Handover, dwell time, and the hidden weak links in the cold chain

By Eamonn Ryan

Cold rooms, trucks and display cabinets often perform well when assessed in isolation. According to Johan Ferreira, joint founder of Cold Cubed, the real problems emerge in the handover moments – the transitions between pack house, truck, distribution centre (DC), and store.

Johan Ferreira, co-founder of Cold Cubed.
© Cold Link Africa

These are the weak links where temperatures spike and product quality silently deteriorates. Ferreira refers to this as handover latency or dwell time: the period when product is stationary, waiting to be moved, often in suboptimal conditions. Live temperature traces from Cold Cubed’s systems reveal a repeating pattern: controlled conditions at the supplier, a short, well-managed truck trip, effective cooling at the DC, and then sharp spikes during loading, unloading, and store receiving.

In one example, a truck was clearly not pre-cooled before loading, despite policy stating it should be. The data showed a noticeable temperature bump as product was outloaded into a warm truck. Later, at each store delivery, doors opened and temperatures rose again around the product. A second store, which handled product faster, produced a smaller spike – demonstrating how operational discipline directly impacts temperature exposure.

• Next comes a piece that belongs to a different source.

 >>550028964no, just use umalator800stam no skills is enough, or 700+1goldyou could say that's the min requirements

While a few degrees might not look dramatic on a graph, Ferreira explains that for meat and microbial growth, small increases matter. Microbes begin proliferating more aggressively once temperatures reach around 3°C, and growth accelerates significantly at 6–7°C. Even short periods at elevated temperatures can meaningfully shorten shelf life and increase spoilage.

The human factor is central. Ferreira has seen cold chain product left outside in the sun for more than two hours before store staff accept it. Without live data, such incidents remain invisible. With continuous monitoring and time stamps, managers can see exactly when and where product was mishandled, and who was on duty.

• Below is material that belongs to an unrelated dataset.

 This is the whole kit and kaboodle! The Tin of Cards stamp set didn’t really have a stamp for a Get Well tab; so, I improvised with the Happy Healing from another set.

To mitigate these handover risks, Ferreira recommends:

  • Using wheels, not handballing: Pallets, rolltainers, and other wheeled solutions move faster and reduce dwell time.
  • Proper docking stations: While not perfect, docks that seal to trucks dramatically reduce heat ingress during loading and unloading.
  • Facility design: Positioning cold rooms close to offloading areas minimises travel distance through warmer zones.
  • Operational accountability: When dashboards are visible to all staff, everyone can see the impact of open doors and delays, making cold chain performance a shared responsibility rather than a hidden technical issue.

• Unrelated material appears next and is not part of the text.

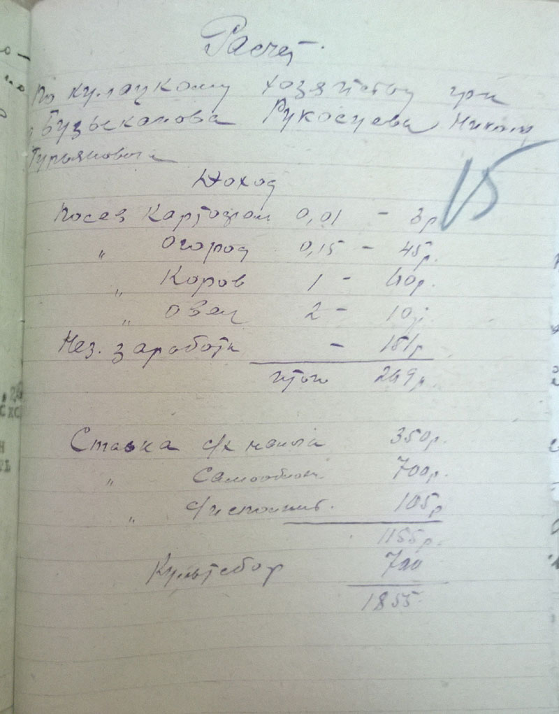 Крепкое было хозяйство у Николая Рукосуева в 29-м году, но к 1934 году остались от него рожки да ножки (если конкретнее, одна корова и две овцы).

Ferreira also highlights infrastructural vulnerabilities: generator failures during load shedding, fuel shortages, or simple oversights. Without visibility into how long systems were down and what temperatures products reached, managers are forced to either discard large volumes “just in case” or unknowingly send compromised goods to market.

Live tracking across every handover point turns these blind spots into manageable events. Instead of speculation and blame when something goes wrong, companies can perform forensic analysis, understand exactly what happened, and adjust processes, training, or infrastructure accordingly.